Train shape :  (1306122, 3)
Test shape :  (375806, 2)


In [5]:
train_df.head()

Unnamed: 0,qid,question_text,target
0,00002165364db923c7e6,How did Quebec nationalists see their province...,0
1,000032939017120e6e44,"Do you have an adopted dog, how would you enco...",0
2,0000412ca6e4628ce2cf,Why does velocity affect time? Does velocity a...,0
3,000042bf85aa498cd78e,How did Otto von Guericke used the Magdeburg h...,0
4,0000455dfa3e01eae3af,Can I convert montra helicon D to a mountain b...,0


In [6]:
from nltk.corpus import stopwords
STOPWORDS = set(stopwords.words('english'))

## Number of words in the text ##
train_df["num_words"] = train_df["question_text"].apply(lambda x: len(str(x).split()))
test_df["num_words"] = test_df["question_text"].apply(lambda x: len(str(x).split()))

## Number of unique words in the text ##
train_df["num_unique_words"] = train_df["question_text"].apply(lambda x: len(set(str(x).split())))
test_df["num_unique_words"] = test_df["question_text"].apply(lambda x: len(set(str(x).split())))

## Number of characters in the text ##
train_df["num_chars"] = train_df["question_text"].apply(lambda x: len(str(x)))
test_df["num_chars"] = test_df["question_text"].apply(lambda x: len(str(x)))

## Number of stopwords in the text ##
train_df["num_stopwords"] = train_df["question_text"].apply(lambda x: len([w for w in str(x).lower().split() if w in STOPWORDS]))
test_df["num_stopwords"] = test_df["question_text"].apply(lambda x: len([w for w in str(x).lower().split() if w in STOPWORDS]))

## Number of punctuations in the text ##
train_df["num_punctuations"] =train_df['question_text'].apply(lambda x: len([c for c in str(x) if c in string.punctuation]) )
test_df["num_punctuations"] =test_df['question_text'].apply(lambda x: len([c for c in str(x) if c in string.punctuation]) )

## Number of title case words in the text ##
train_df["num_words_upper"] = train_df["question_text"].apply(lambda x: len([w for w in str(x).split() if w.isupper()]))
test_df["num_words_upper"] = test_df["question_text"].apply(lambda x: len([w for w in str(x).split() if w.isupper()]))

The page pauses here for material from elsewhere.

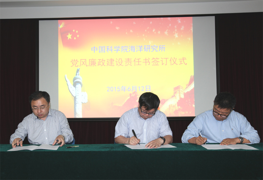 6月12日上午,海洋研究所举行了党风廉政建设责任书签订仪式。所长孙松;党委书记兼副所长王凡;副所长李铁刚;党委副书记、副所长兼纪委书记杨红生;副所长王辉出席仪式。所长助理、党委委员、纪委委员、研究室正副主任、管理和支撑体系负责人共50余人参加了签字仪式。仪式由纪委书记杨红生主持。
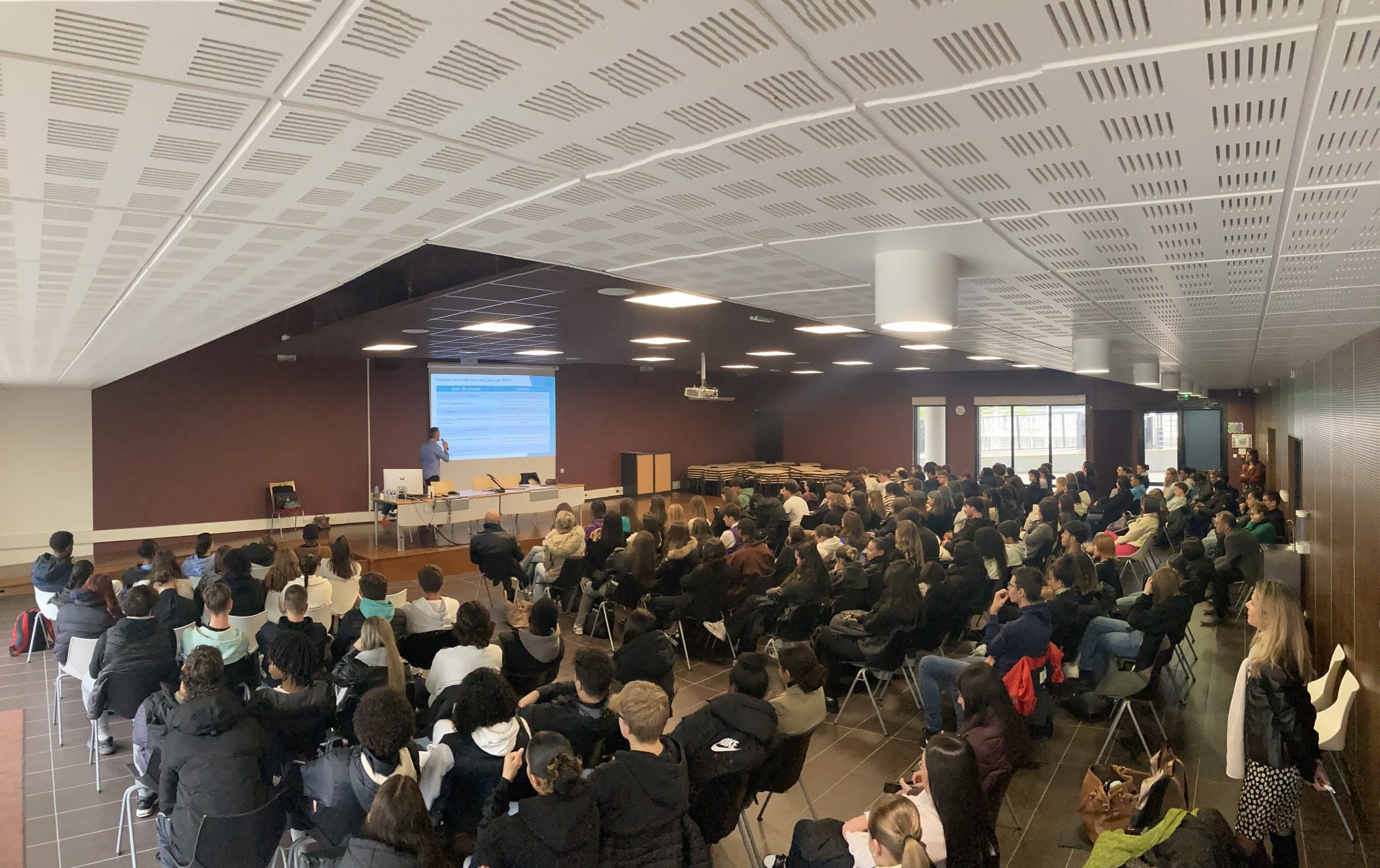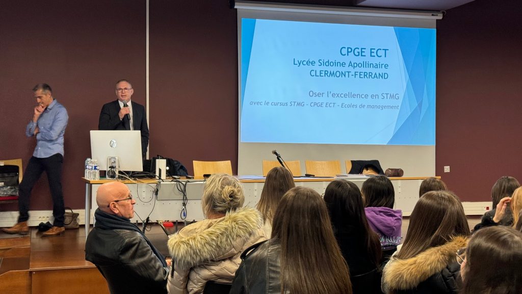 Ce jeudi 30 novembre 2023, au lycée Sidoine Apollinaire, s’est tenue une conférence destinée aux élèves de la filière STMG de l’Académie de Clermont-Ferrand sur la thématique « Pourquoi faire une grande École de Management et comment y accéder ? ».

## Number of title case words in the text ##
train_df["num_words_title"] = train_df["question_text"].apply(lambda x: len([w for w in str(x).split() if w.istitle()]))
test_df["num_words_title"] = test_df["question_text"].apply(lambda x: len([w for w in str(x).split() if w.istitle()]))

## Average length of the words in the text ##
train_df["mean_word_len"] = train_df["question_text"].apply(lambda x: np.mean([len(w) for w in str(x).split()]))
test_df["mean_word_len"] = test_df["question_text"].apply(lambda x: np.mean([len(w) for w in str(x).split()]))

In [7]:
## Truncate some extreme values for better visuals ##
train_df['num_words'].loc[train_df['num_words']>60] = 60 #truncation for better visuals
train_df['num_punctuations'].loc[train_df['num_punctuations']>10] = 10 #truncation for better visuals
train_df['num_chars'].loc[train_df['num_chars']>350] = 350 #truncation for better visuals

A value is trying to be set on a copy of a slice from a DataFrame

See the caveats in the documentation: http://pandas.pydata.org/pandas-docs/stable/indexing.html#indexing-view-versus-copy
  self._setitem_with_indexer(indexer, value)


In [8]:
train_text = train_df['question_text']
test_text = test_df['question_text']
all_text = pd.concat([train_text, test_text])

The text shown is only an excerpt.